L’idea di una morte così terrificante mi dà
la forza di compiere un passo pericoloso. Mi
metto in nota per andare a lavorare come
agricoltore a Kempten in Baviera, vicino al
lago di Costanza. Marcello è d’accordo con
me. All’ultimo momento però non ce la
sentiamo di rinunciare alla nostra qualifica
di ufficiale per prendere quella di
lavoratore civile; e così ci rifiutiamo di
firmare e restiamo nel campo. Dure giornate,
fino al 26. Finalmente il 26, domenica,
nella baracca di fronte alla nostra, vengono
installati una ventina di russi. Si sparge
subito la voce che sono gli addetti ai
forni, e quindi ben provvisti di pane.
Allora i più affamati, i “senza pacchi”, ci
precipitiamo da loro con un oggetto
qualsiasi da barattare con pane. Io ho un
portasigarette in “Plexiglass”, vecchio e
rotto, e lo cedo molto volentieri in cambio
di pane che in poco tempo faccio fuori con
l’aiuto di Marcello. E così, per quel
giorno, è scomparso il pericolo della fame.

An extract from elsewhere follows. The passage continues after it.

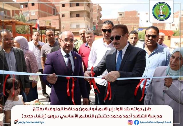 محافظ المنوفية يفتتح مدرستي الشهيد احمد حشيش ببروى والشهيد إسلام عبدالقوى بكفر القلشى خلال جولته بمركز ومدينة تلا |

Il giorno dopo, 27, arriva un pacco a
Marcello: grande gioia per entrambi. Ma cosa
può durare un pacco in due. Il ricordo delle
recenti sofferenze ci fa decidere entrambi a
smettere di fumare. Conserviamo le sigarette
ricevute per mutarle in pane nei momenti
peggiori. Facciamo anche un piccolo
inventario della roba che ci resta da
barattare. A me resta poco; Marcello ha
deciso di cedere, in casi estremi, anche il
vestito borghese. Abbiamo calcolato di poter
tirare avanti ancora per un mese o poco più.
Alla fine, se proprio non riusciamo a
cavarcela, ci decidiamo anche a fare il
doloroso passo. Molti vanno fuori in questi
giorni a lavorare come agricoltori. Eravamo
circa 200: siamo rimasti in 100, e fra
giorni ci ridurremo ancora. Una notte, non
ricordo bene se quella del 16 o del 17, ho
sognato mamma che si recava a Pescara su di
una biga per mancanza di altri mezzi.
L’altra mattina poi mi sono svegliato
proprio mentre nelle vicinanze passava un
treno. Il rumore era uguale a quello che
sentivo tanti anni fa svegliandomi a casa,
nelle stesse giornate di novembre quando
funzionava il frantoio. Ho pianto pensando
che in quel momento il frantoio funzionava
veramente; alla sveglia ho fatto la SS.
Comunione ed ho pregato Iddio affinché la
mia immaginazione fosse realtà.
Dicembre
Il giorno 4 ci avvertono che presto dovremo
ripartire forse per Norimberga.
Evidentemente i russi hanno sferrato
l’attacco nel nostro settore. E così, dopo
quasi un anno, abbandono la Pomerania dove
ho tanto sofferto, e dove certamente non
tornerò mai più per nessun motivo. Partiamo
il 7 dopo aver fatto due disinfestazioni per
me disastrose. Marcello la sera del 6 ritira
due pacchi: perciò siamo abbastanza carichi.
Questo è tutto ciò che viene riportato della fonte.